Published by: Penguin

Published on: 19th March 2024

Format: LCP-protected ePub

ISBN: 9780241678527


Overview

A foundational reckoning with how Black Americans have used the written word to define and redefine themselves over the course of the country's history.

Distilled over many years from Henry Louis Gates Jr.'s legendary Harvard course in African American Studies, The Black Box: Writing the Race is the story of Black self-definition in America through the prism of the writers who have led the way. From Phillis Wheatley and Frederick Douglass, W. E. B. Du Bois and Booker T. Washington, to Zora Neale Hurston and Richard Wright, James Baldwin and Toni Morrison, these writers used words to create a liveable world – a “home” – for Black people destined to live in a bitterly racist society.

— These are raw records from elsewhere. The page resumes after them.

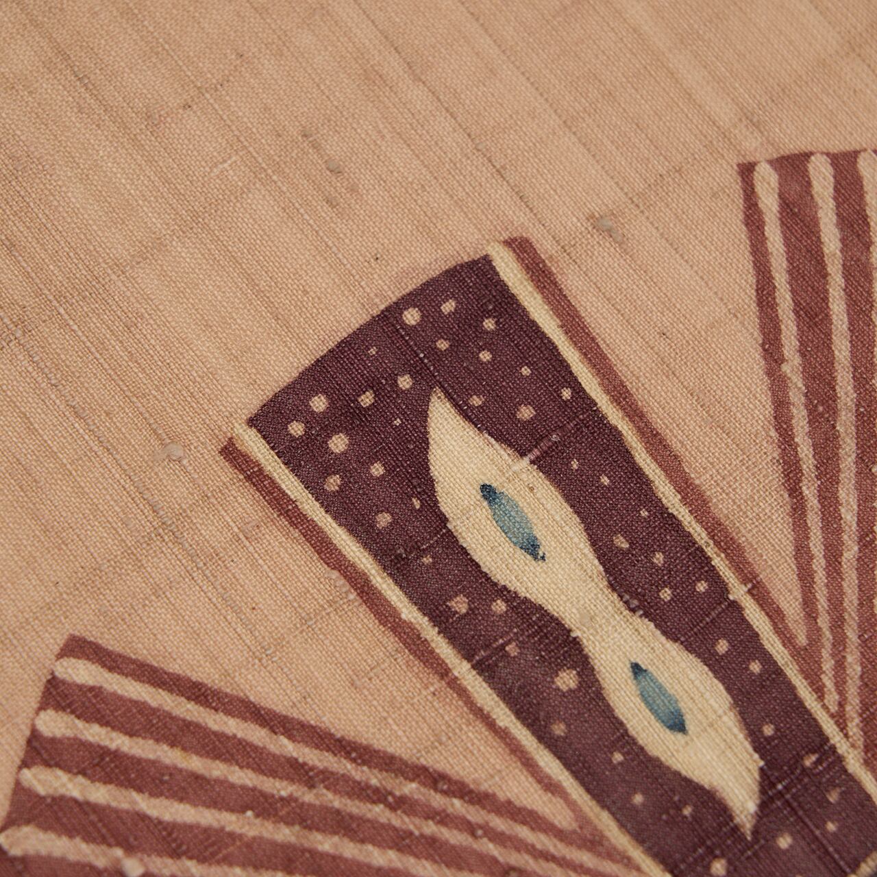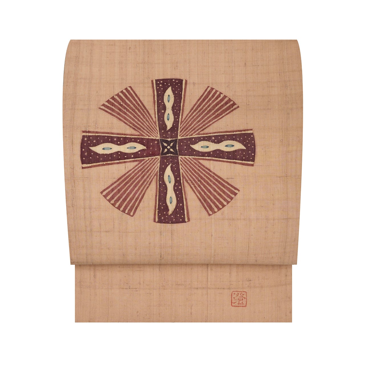 横に節のある座繰りのサラッとした生紬の生地が、少し赤味のあるベージュ・梅染色に染められて、お太鼓には十字の模様に斜めに房のようなものが付いた、お花のような幾何学模様が手描きの蝋纈染で描かれた、お洒落な九寸名古屋帯です。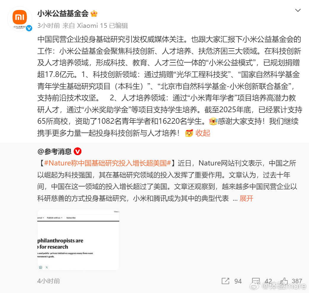 小米公益基金会是首家直接向国家自然科学基金委员会捐赠资金的民间公益组织,仅2024年就捐赠1亿元人民币。之前总是看到小米公益基金会抗震救灾捐款,没想到在人才培养和教育上也捐赠那么多,这才是一家企业的社会责任感啊。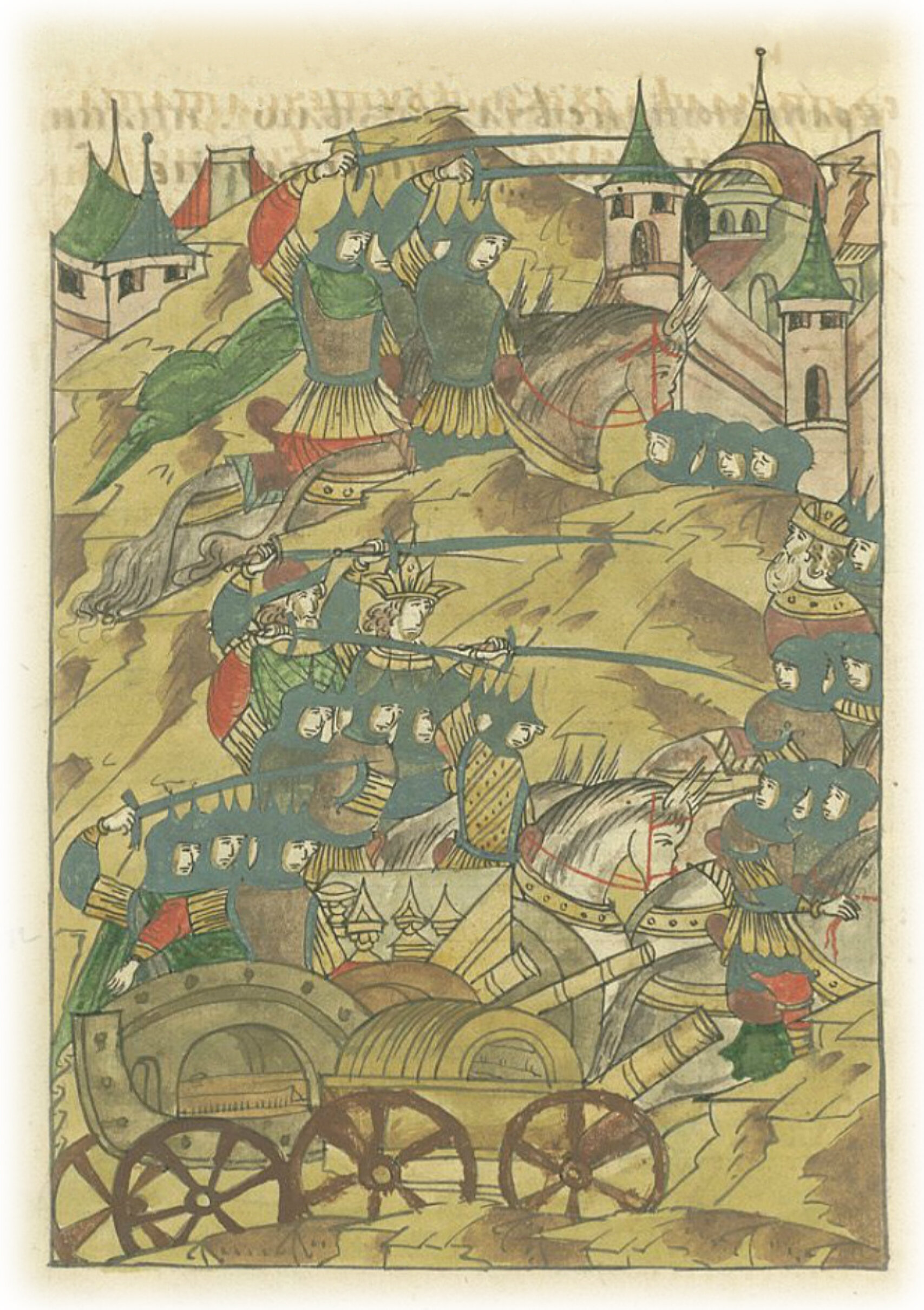 И захватили татары обоз и телеги, окованные железными цепями, и пушки, и пищали, и самострелы, много богатства, золотые и серебряные сосуды. Витовт Кейстутович, увидев такое зло, обратился в бегство вместе с малой дружиной, татары бросились им вслед и настигли их за пятьсот верст до Киева, и пролилась кровь, как вода.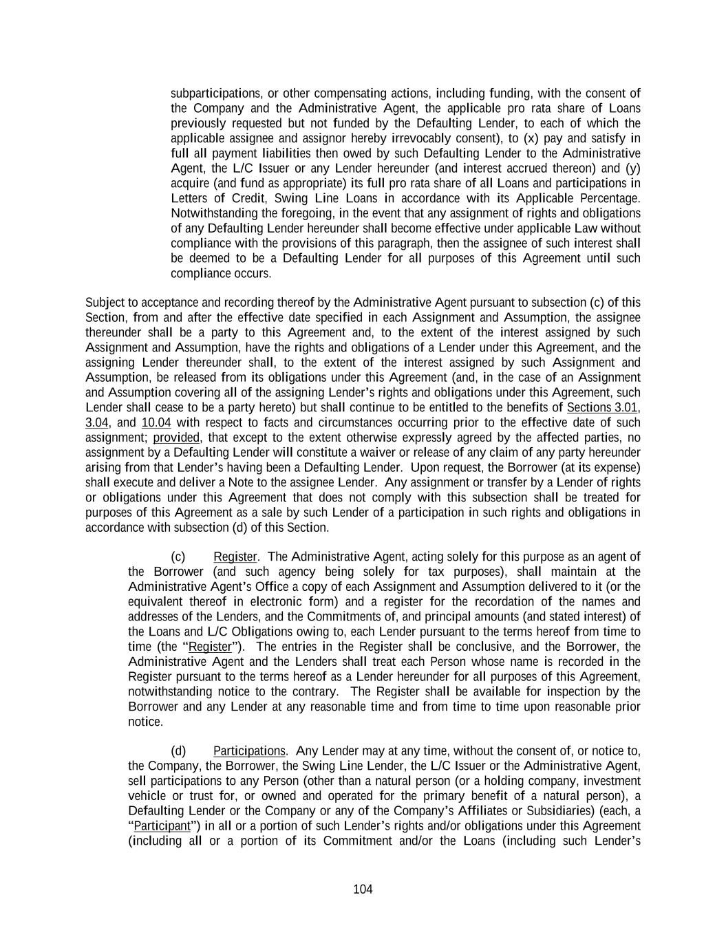 104 subparticipations, or other compensating actions, including funding, with the consent of the Company and the Administrative Agent, the applicable pro rata share of Loans previously requested but not funded by the Defaulting Lender, to each of which the applicable assignee and assignor hereby irrevocably consent), to (x) pay and satisfy in full all payment liabilities then owed by such Defaulting Lender to the Administrative Agent, the L/C Issuer or any Lender hereunder (and interest accrued thereon) and (y) acquire (and fund as appropriate) its full pro rata share of all Loans and participations in Letters of Credit, Swing Line Loans in accordance with its Applicable Percentage. Notwithstanding the foregoing, in the event that any assignment of rights and obligations of any Defaulting Lender hereunder shall become effective under applicable Law without compliance with the provisions of this paragraph, then the assignee of such interest shall be deemed to be a Defaulting Lender for all purposes of this Agreement until such compliance occurs. Subject to acceptance and recording thereof by the Administrative Agent pursuant to subsection (c) of this Section, from and after the effective date specified in each Assignment and Assumption, the assignee thereunder shall be a party to this Agreement and, to the extent of the interest assigned by such Assignment and Assumption, have the rights and obligations of a Lender under this Agreement, and the assigning Lender thereunder shall, to the extent of the interest assigned by such Assignment and Assumption, be released from its obligations under this Agreement (and, in the case of an Assignment and Assumption covering all of the assigning Lender’s rights and obligations under this Agreement, such Lender shall cease to be a party hereto) but shall continue to be entitled to the benefits of Sections 3.01, 3.04, and 10.04 with respect to facts and circumstances occurring prior to the effective date of such assignment; provided, that except to the extent otherwise expressly agreed by the affected parties, no assignment by a Defaulting Lender will constitute a waiver or release of any claim of any party hereunder arising from that Lender’s having been a Defaulting Lender. Upon request, the Borrower (at its expense) shall execute and deliver a Note to the assignee Lender. Any assignment or transfer by a Lender of rights or obligations under this Agreement that does not comply with this subsection shall be treated for purposes of this Agreement as a sale by such Lender of a participation in such rights and obligations in accordance with subsection (d) of this Section. (c) Register. The Administrative Agent, acting solely for this purpose as an agent of the Borrower (and such agency being solely for tax purposes), shall maintain at the Administrative Agent’s Office a copy of each Assignment and Assumption delivered to it (or the equivalent thereof in electronic form) and a register for the recordation of the names and addresses of the Lenders, and the Commitments of, and principal amounts (and stated interest) of the Loans and L/C Obligations owing to, each Lender pursuant to the terms hereof from time to time (the “Register”). The entries in the Register shall be conclusive, and the Borrower, the Administrative Agent and the Lenders shall treat each Person whose name is recorded in the Register pursuant to the terms hereof as a Lender hereunder for all purposes of this Agreement, notwithstanding notice to the contrary. The Register shall be available for inspection by the Borrower and any Lender at any reasonable time and from time to time upon reasonable prior notice. (d) Participations. Any Lender may at any time, without the consent of, or notice to, the Company, the Borrower, the Swing Line Lender, the L/C Issuer or the Administrative Agent, sell participations to any Person (other than a natural person (or a holding company, investment vehicle or trust for, or owned and operated for the primary benefit of a natural person), a Defaulting Lender or the Company or any of the Company’s Affiliates or Subsidiaries) (each, a “Participant”) in all or a portion of such Lender’s rights and/or obligations under this Agreement (including all or a portion of its Commitment and/or the Loans (including such Lender’s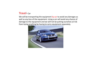 The document provides a risk assessment for filming a music video. It identifies potential hazards from transporting equipment by car, using cameras and lighting, weather conditions during outdoor filming, and filming at different house locations. Safety measures are outlined such as transporting all equipment safely in the car, ensuring lights are off before touching them to avoid burns, using umbrellas and careful walking in the rain, and filming indoors to control the environment.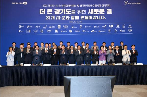 한편, 이날 같은 곳에서 경기도와 31개 시군 간 협력·협의기구인 정책협력위원회 회의가 열렸다. 신상진 성남시장과 김동연 경기도지사가 공동위원장을 맡은 정책협력위원회는 4개 조항의 현안이 담긴 합의문에 공동 서명했다.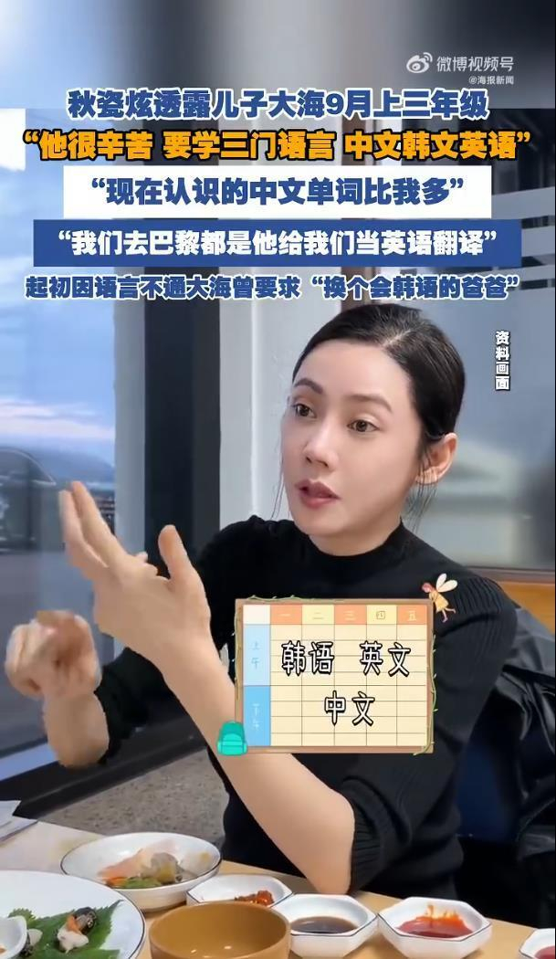 据4月7日报道,近日,韩国演员秋瓷炫一句“他很辛苦,要学三门语言”,把她那“开挂”的儿子大海送上了热搜。原来,今年9月才上三年级的7岁大海,正同时攻克中文、韩文和英文三座大山,其“战果”之辉煌,甚至已经反超了妈妈。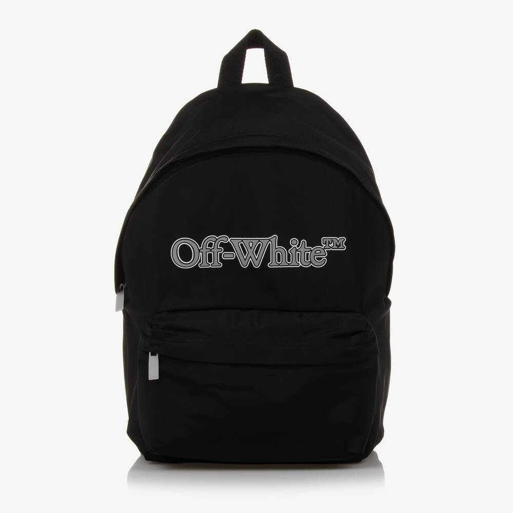 Boys black backpack by luxury brand Off-White, boldly branded with a grey bookish logo on the front. Accessorizing any streetwear look, this zip-up bag is made in silky smooth fabric with a lined main compartment. It has an interior slip pocket and an extra zip pocket on the front for more storage space. The fully adjustable straps have tonal webbed trims with jacquard logo lettering.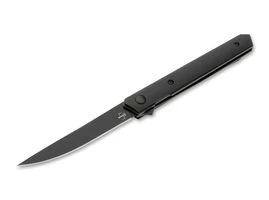 Böker Plus Kwaiken Air Mini G10 All Black Die schlanke Bauart und die exklusive Materialwahl machen das Böker Plus Kwaiken Air zu einem edlen Crossover zwischen Gentleman-Folder und Einsatzmesser. Um diesen Brückenschlag noch leichter zu vollziehen, bietet das Kwaiken Air Mini bei deutlich reduzierten und damit taschentauglicheren Abmaßen die gleichen herausragenden Qualitäten wie der große Bruder. Mit seiner geradlinigen und praktischen Form ist das moderne Taschenmesser mittlerweile zu einer wahren Ikone geworden. Die sauberen Linien und das schlanke Design wurden bei der Leichtbauvariante nochmals auf eine kompromisslose Gewichtsreduktion hin optimiert, obwohl das Messer im geschlossenen Zustand weiterhin die komplette Klinge aufnimmt. Der Flipper sorgt für eine intuitive Bedienung und zusätzliche Sicherheit, während der Linerlock die kugelgelagerte Klinge aus schwarz beschichtetem VG-10 sicher arretiert. Unterstrichen wird die Leichtfüßigkeit des Gentleman-Folders durch die Griffschalen aus widerstandsfähigem G10, die dem komplett schwarzen Messer eine taktische Anmutung verleihen. Mit Fangriemenöse, demontierbarem Deep-Carry-Clip (Tip-up/r) und hochwertigem Nylon-Etui zur Aufbewahrung.Technische DatenGesamtlänge: 18,3 cmKlingenlänge: 7,8 cmKlingenstärke: 2,6 mmGewicht: 59 GrammKlingenmaterial: VG-10Griffmaterial: G10Designer: Lucas BurnleyVerschluss: LinerlockÖffnungshilfe: FlipperÖffnungsmechanismus: ManuellFarbe: SchwarzKlingenfarbe: Schwarz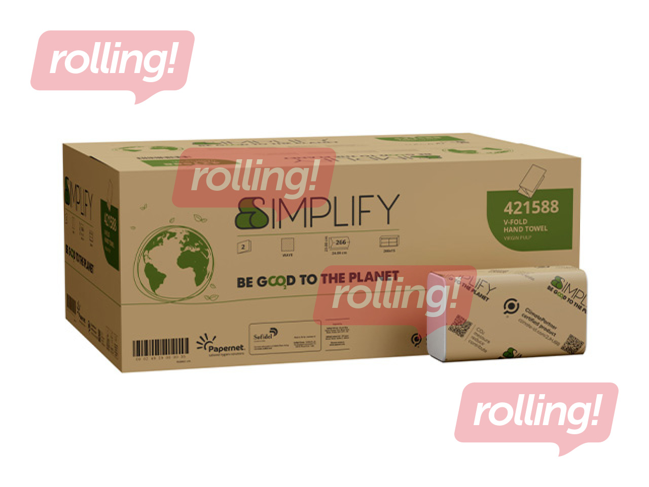 Simplify sarja V-volditud paberkäterätid pakuvad tõhusat ja keskkonnasäästlikku lahendust käte kuivatamiseks. Valged 2-kihilised lehed tagavad suurepärase imavuse ja vastupidavuse kasutamisel. Igas pakis on 266 lehte ning kastis 15 pakki, mistõttu sobib toode keskmise ja suure külastatavusega aladele.

This is a community that defined and transformed itself in defiance of oppression and lies; a collective act of resistance and transcendence that is at the heart of its self-definition. Out of that contested ground has flowered a resilient, creative, powerful, diverse culture formed by people who have often disagreed markedly about what it means to be ''Black'', and about how best to shape a usable past out of the materials at hand, to call into being a more just and equitable future.

This is the epic story of how, through essays and speeches, novels, plays and poems, a long line of creative thinkers has unveiled the contours of – and resisted confinement in – the black box that this “nation within a nation” has been assigned, from its founding to today. It is a book that records the compelling saga of the creation of a people.